\食育と栄養学/

食育と栄養学

正しい知識でこれからの毎日を楽しく #:98 2010.06.22更新 <監修: 医学博士 長野美根>

パプリカはフルーティな野菜

赤、黄、オレンジなど色鮮やかなパプリカ。でも、その特徴は単に“カラフルになったピーマン”というだけではありません。皮が肉厚でやわらかいので、生でもおいしく、ジューシーです。また、ピーマンのような苦みやクセがなく、甘みたっぷり。こうしたフルーティなおいしさが、パプリカの魅力の一つなのです。
 そのうえ、ビタミンCの含有量は緑のピーマンの倍以上。赤や黄色の色素成分であり、抗酸化作用のあるカロテンや、不足しがちな食物繊維も豊富で、栄養面でもたいへん優れている野菜です。切り方や調理法のバリエーションを工夫して、パプリカをもっとおいしく、ヘルシーに楽しみませんか。

薄切りでフレッシュなおいしさを味わう”

パプリカは皮がやわらかいので、スライスすれば生食でOK。サラダなどをカラフルに仕上げてくれるだけでなく、パプリカに豊富なビタミンCを加熱で損なうことなく、ムダなく摂れます。
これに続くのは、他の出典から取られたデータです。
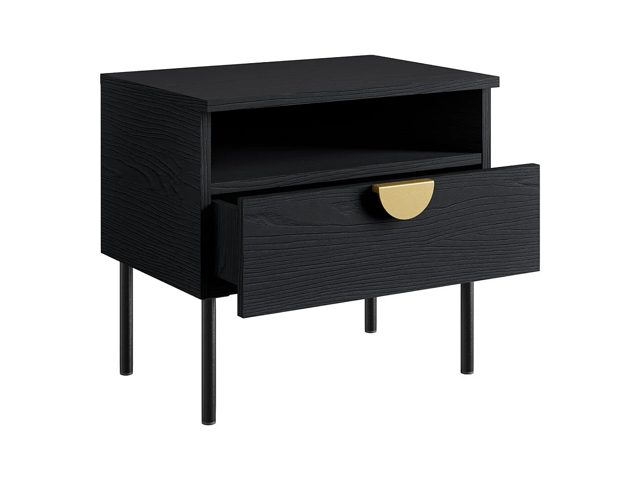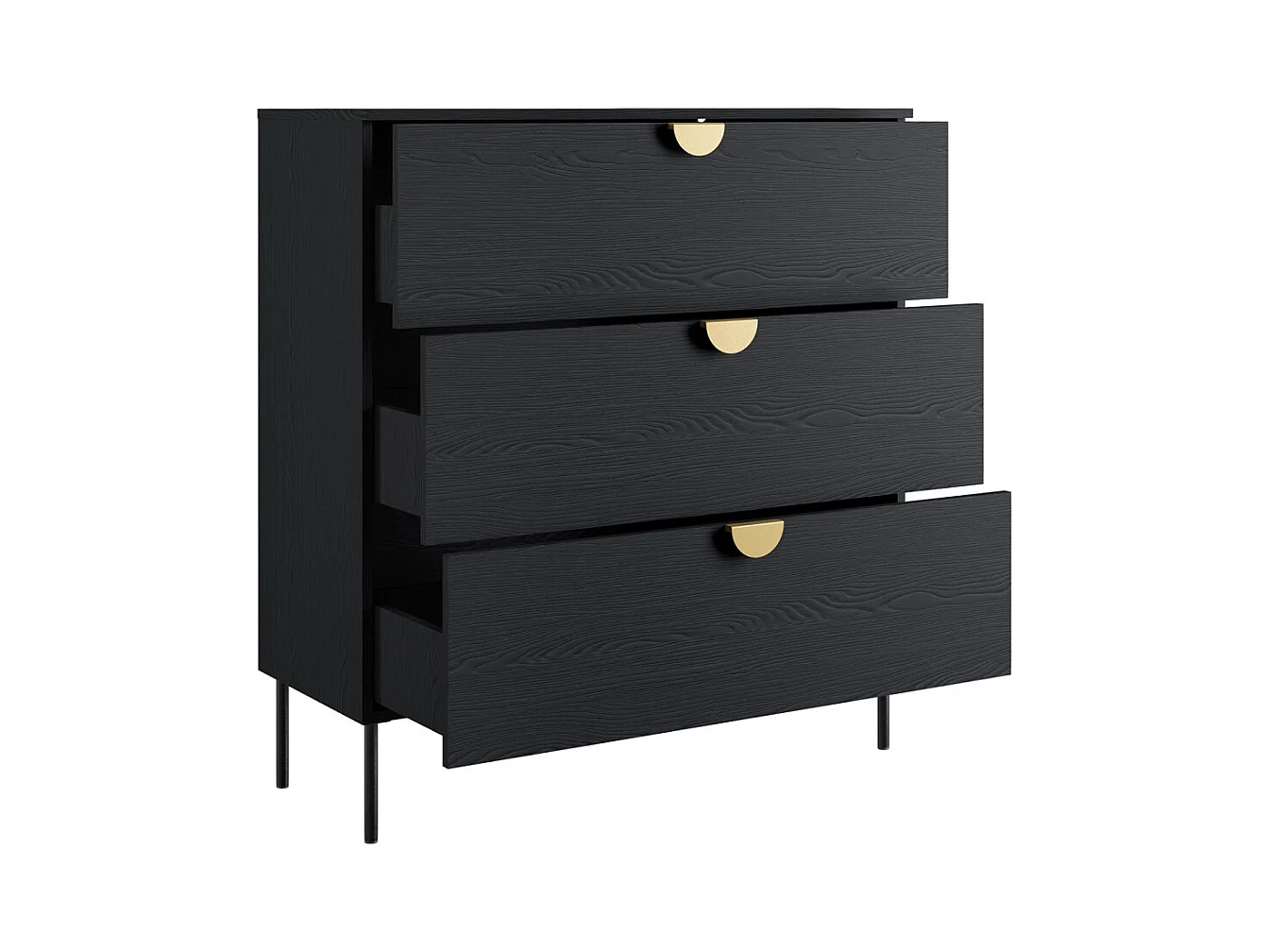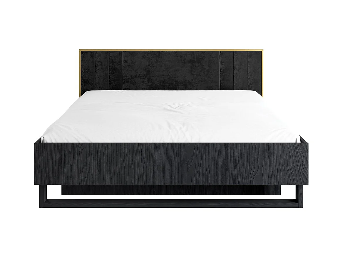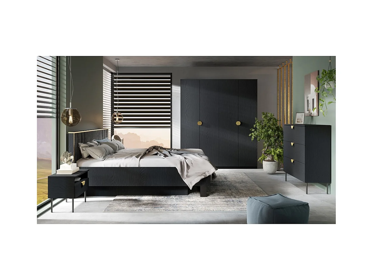 Chambre complète MONDO – Noir structuré et doré – Lit coffre 160x200 avec sommier + Armoire + Commode + 2 chevets

小さな角切りにしてもよいでしょう。

乱切りでピクルスに

乱切りでピクルスに

ピクルス液に漬けても鮮やかな色は変わらず、シャキシャキとした食感もキープできます。保存がきくので、多めに作って保存しておけば、肉料理にさっと付け合わせたり、サラダのトッピングに便利です。忙しい朝もすぐに食卓に出せるので、朝食の野菜不足も解決できます。

細切りでシャキッと炒め上げる

パプリカのきれいな色は加熱しても変わらないのが特徴。炒めものでも大活躍します。ほどよく歯ごたえを残すように、手早く炒め上げるのがコツです。そうすればビタミンCの損失を抑えることもできます。また、パプリカにはカロテンが豊富ですが、炒め油と一緒にとることによって、カロテンの吸収率も高まります。

大きめに切って煮込み料理に

肉厚なパプリカは、大きめにカットすれば煮込み料理にも存在感のある具として活躍します。煮込むと甘みが強くなり、とろみも出るので、生食や炒めものとは、また違ったおいしさを味わえます。料理の彩りをよくする効果も、煮込み料理の常連であるにんじんやかぼちゃに負けません。カレーやポトフのほか、スープなどにも積極的に使ってみてください。

皮をむいてマリネに

皮をむいてマリネに

パプリカを直火で焼いて表面を焦がすと、薄皮がするりとむけるだけでなく、加熱によって甘みが出ます。これを食べやすく切ってマリネ液に漬ければ、そのまま食べられる保存食に。サラダのトッピングなどにもすぐに使えます。また、マリネ液の油でカロテンの吸収も高まります。

半割りにして肉詰めに

パプリカなら大きくて豪快な肉詰めを作れます。パプリカを半分に切って種を取り、味をつけたひき肉を詰めて、グリルかオーブンで焼きます。じっくり焼いたパプリカは甘みが増してジューシー。ほどよく焦げ目をつければ、独特の香りも引き立ちます。また、肉厚のパプリカの器に、うまみたっぷりの肉汁がしみるので、おいしさも格別です。